Work order:
Every entry in the data that follows should come back exactly, pictures aside.

[Extracted records]
________________________________________
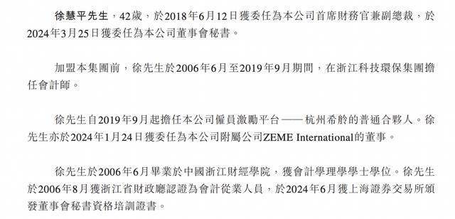 徐慧平,42岁,于2018年6月12日获委任为公司首席财务官兼副总裁,于2024年3月25日获委任为公司董事会秘书。
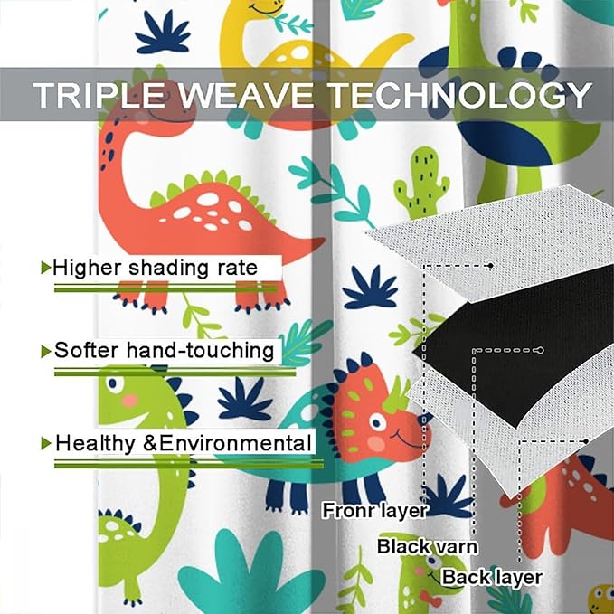 Rustic Dinosaurs Curtains Colorful Dino Kids Boys Cartoon Cute Cool Funny Decor Printed Blackout Rod Pocket Window Drapes for Living Room Bedroom W21xL45in 2 Panels
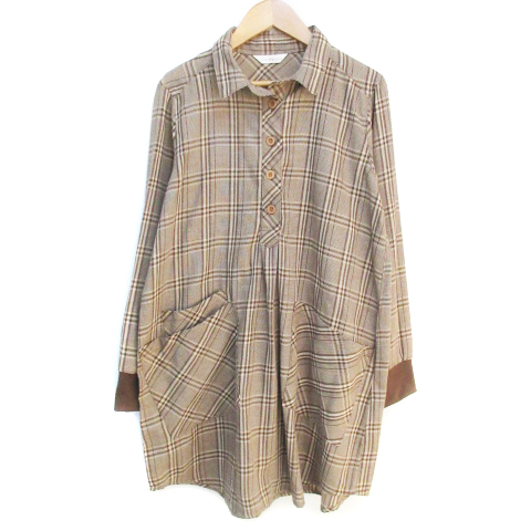 【中古】Varutessa シャツワンピース ひざ丈 長袖 スキッパーカラー グレンチェック柄 M 茶 ベージュ レディース
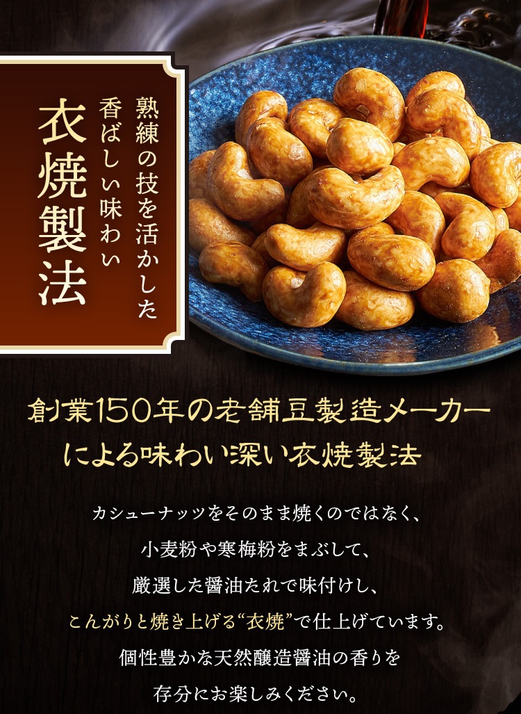 創業百余年の老舗醸造所の技が凝縮された、天然醸造醤油を衣焼カシュ―ナッツに絡めてつくりました。
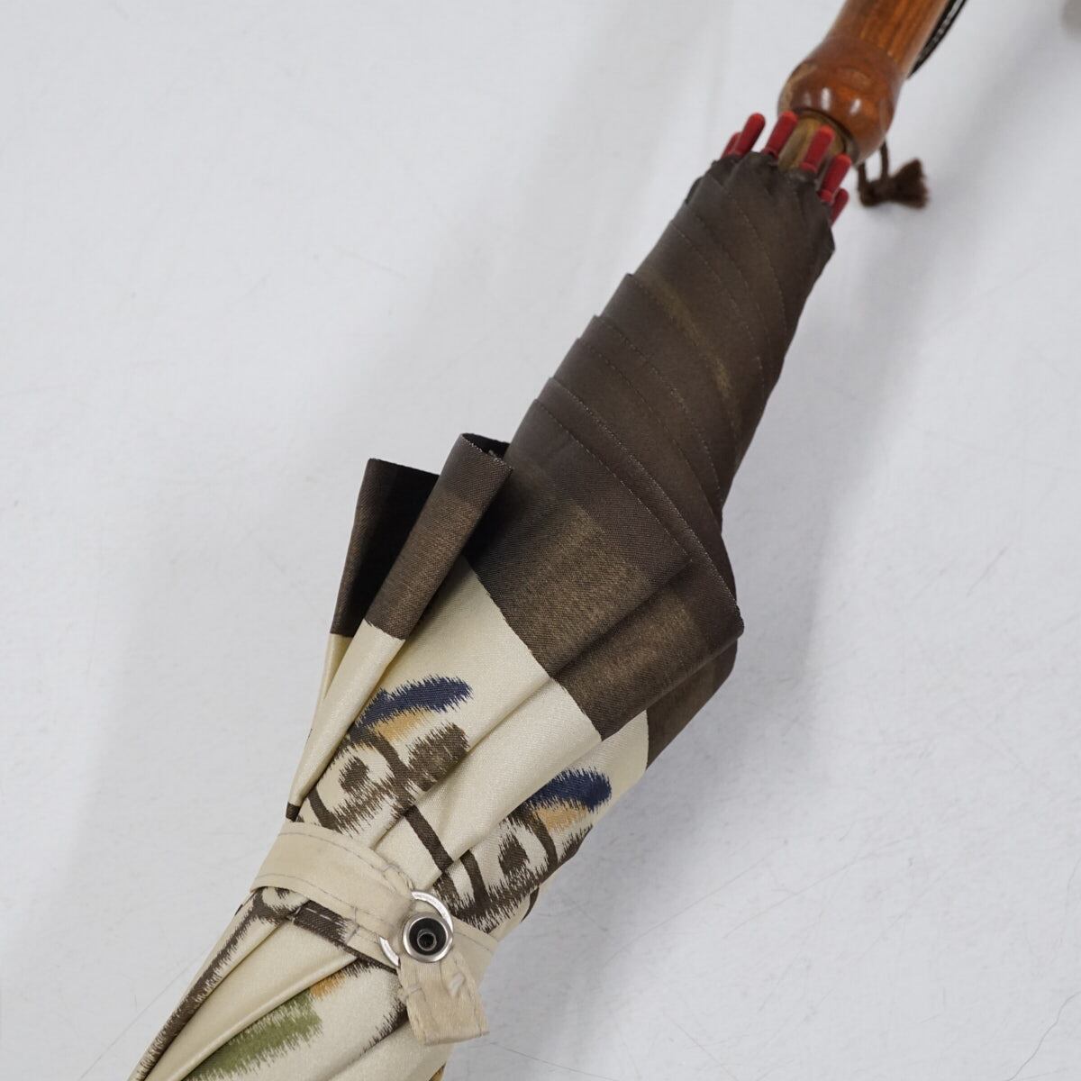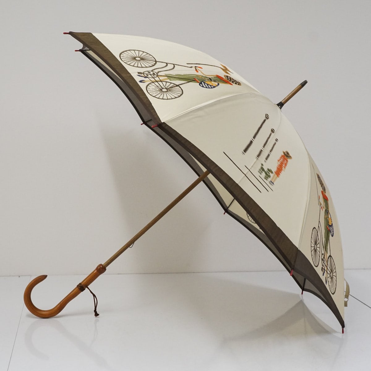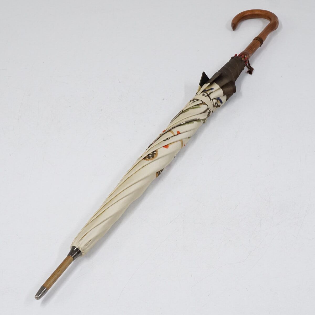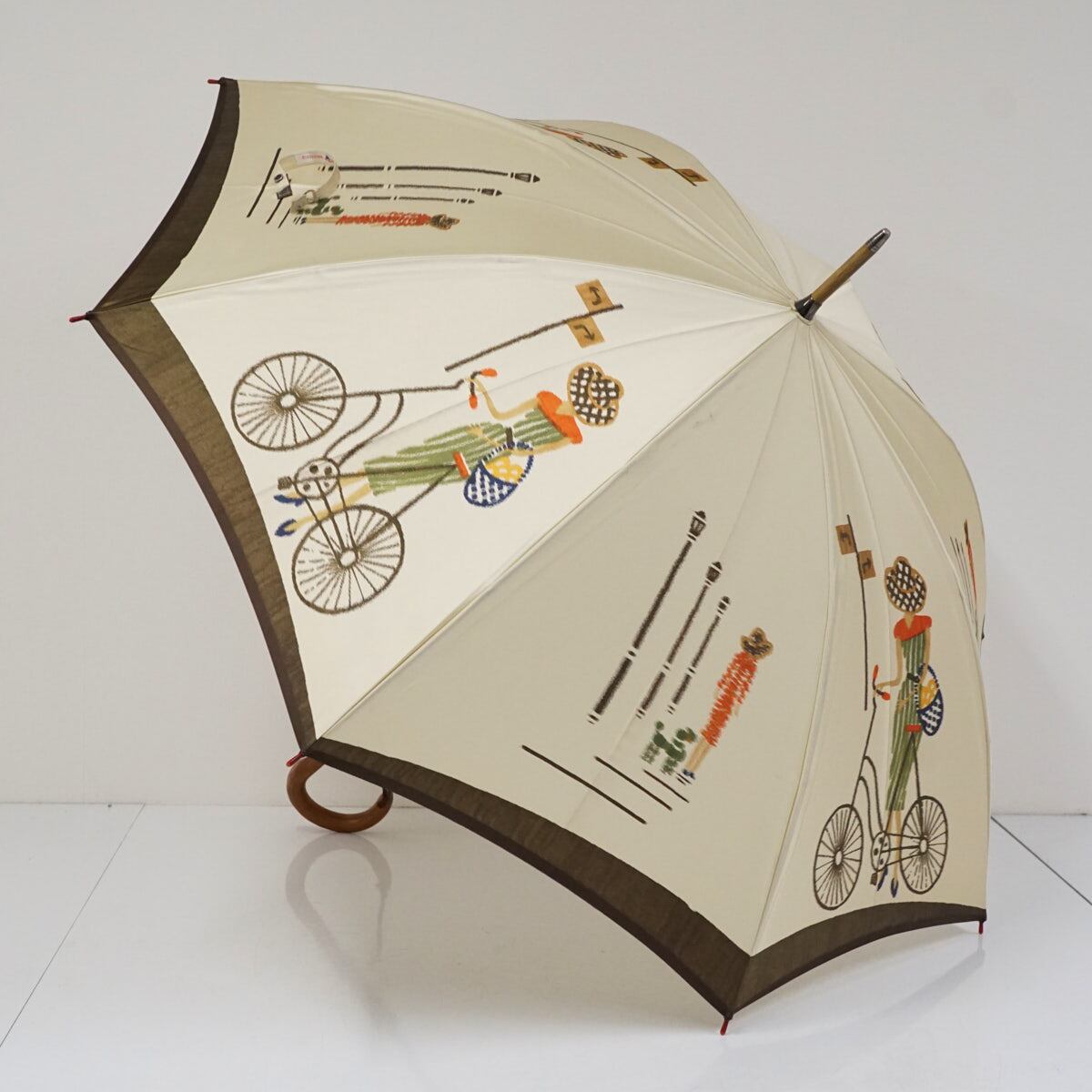 高級傘 モンブランヤマグチ USED品 自転車 ベージュ ほぐし織 アート 絵画 天然木 60cm S3147
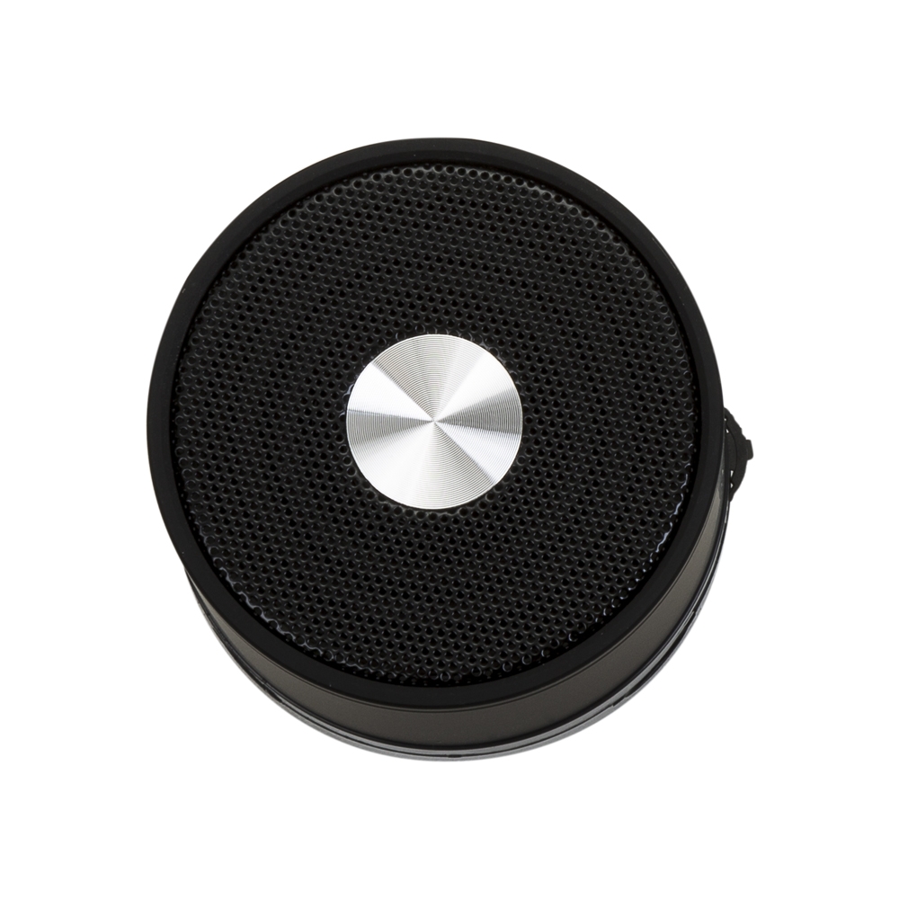 Caixa de som multimídia com Bluetooth e rádio FM. Material plástico resistente, possui: botão Off/On; O botão de rotação tem algumas funções: >|| ao ser pressionado serve como Play/Pause, quando segurado ele alterna entre os modos de reprodução; ao rotacionar para esquerda <<- retrocede a faixa e quando segurado diminui o volume; ao rotacionar para direita +>> avança a faixa e quando segurado aumenta o volume; entrada para cartão MicroSD; Microfone; Entrada DC 5V/AUX além de utilizada para conectar o cabo para carregamento, necessário plugar o cabo nesta entrada para conseguir a sintonização no modo rádio(quando estiver neste modo, aperte o botão >|| para o início da sintonização); Led indicando o funcionamento do item e entrada USB. Falante de 3W, possui detalhe circular prata no centro da tela/falante. Acompanha cabo USB.
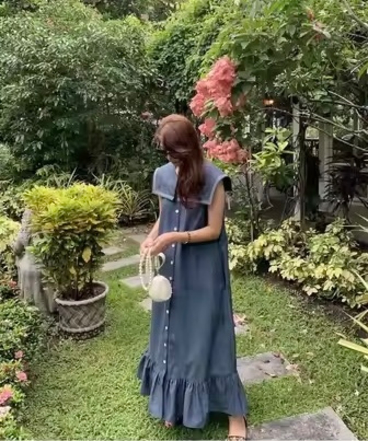 シンプルなデザインにセーラーカラーがインパクトをプラスします。
________________________________________
The completed task:
 徐慧平,42岁,于2018年6月12日获委任为公司首席财务官兼副总裁,于2024年3月25日获委任为公司董事会秘书。
 Rustic Dinosaurs Curtains Colorful Dino Kids Boys Cartoon Cute Cool Funny Decor Printed Blackout Rod Pocket Window Drapes for Living Room Bedroom W21xL45in 2 Panels
 【中古】Varutessa シャツワンピース ひざ丈 長袖 スキッパーカラー グレンチェック柄 M 茶 ベージュ レディース
 創業百余年の老舗醸造所の技が凝縮された、天然醸造醤油を衣焼カシュ―ナッツに絡めてつくりました。
 高級傘 モンブランヤマグチ USED品 自転車 ベージュ ほぐし織 アート 絵画 天然木 60cm S3147
 Caixa de som multimídia com Bluetooth e rádio FM. Material plástico resistente, possui: botão Off/On; O botão de rotação tem algumas funções: >|| ao ser pressionado serve como Play/Pause, quando segurado ele alterna entre os modos de reprodução; ao rotacionar para esquerda <<- retrocede a faixa e quando segurado diminui o volume; ao rotacionar para direita +>> avança a faixa e quando segurado aumenta o volume; entrada para cartão MicroSD; Microfone; Entrada DC 5V/AUX além de utilizada para conectar o cabo para carregamento, necessário plugar o cabo nesta entrada para conseguir a sintonização no modo rádio(quando estiver neste modo, aperte o botão >|| para o início da sintonização); Led indicando o funcionamento do item e entrada USB. Falante de 3W, possui detalhe circular prata no centro da tela/falante. Acompanha cabo USB.
 シンプルなデザインにセーラーカラーがインパクトをプラスします。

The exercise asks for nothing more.